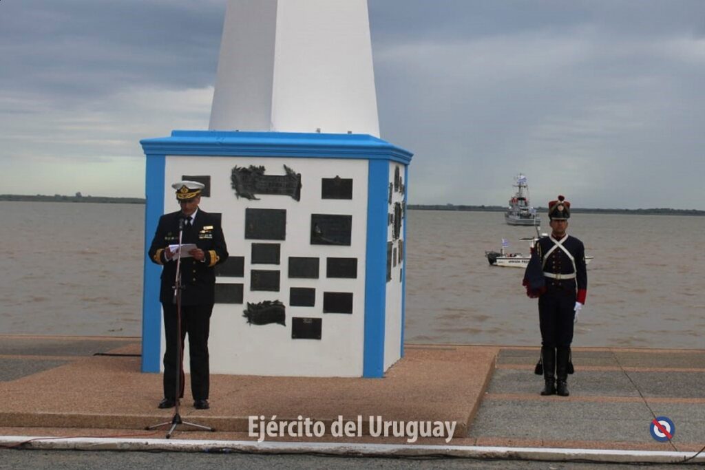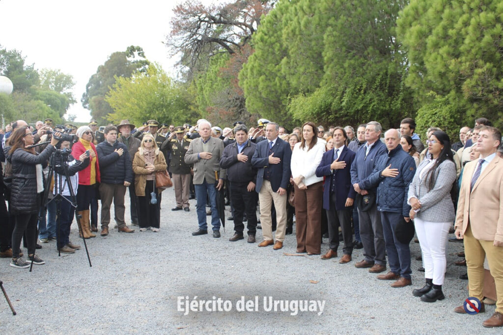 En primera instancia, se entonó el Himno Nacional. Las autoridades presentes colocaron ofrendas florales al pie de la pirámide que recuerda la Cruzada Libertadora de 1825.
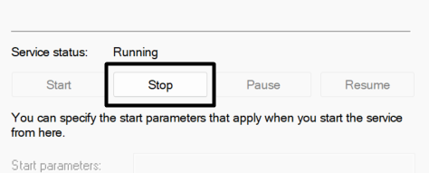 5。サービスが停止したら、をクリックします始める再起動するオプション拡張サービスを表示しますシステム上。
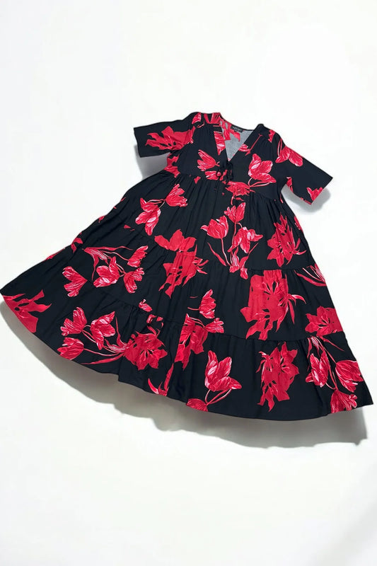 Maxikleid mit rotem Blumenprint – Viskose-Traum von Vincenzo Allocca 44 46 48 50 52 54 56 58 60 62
--
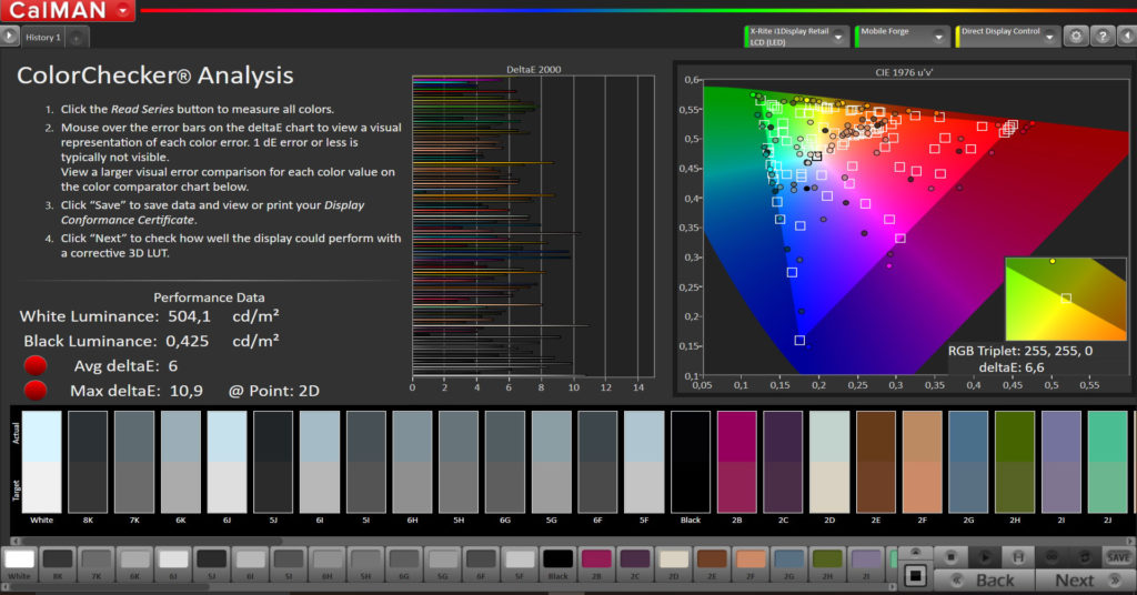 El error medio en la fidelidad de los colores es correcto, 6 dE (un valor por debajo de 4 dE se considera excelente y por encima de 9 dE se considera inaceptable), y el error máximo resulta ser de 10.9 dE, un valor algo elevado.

__How to complete this task__:
Using the data above, which lines fall from the one with "En primera instancia, se" through the one with "Maxikleid mit rotem"? Repeat them exactly, ends included, minus any pictures.

__Answer for the task__:
 En primera instancia, se entonó el Himno Nacional. Las autoridades presentes colocaron ofrendas florales al pie de la pirámide que recuerda la Cruzada Libertadora de 1825.
 5。サービスが停止したら、をクリックします始める再起動するオプション拡張サービスを表示しますシステム上。
 Maxikleid mit rotem Blumenprint – Viskose-Traum von Vincenzo Allocca 44 46 48 50 52 54 56 58 60 62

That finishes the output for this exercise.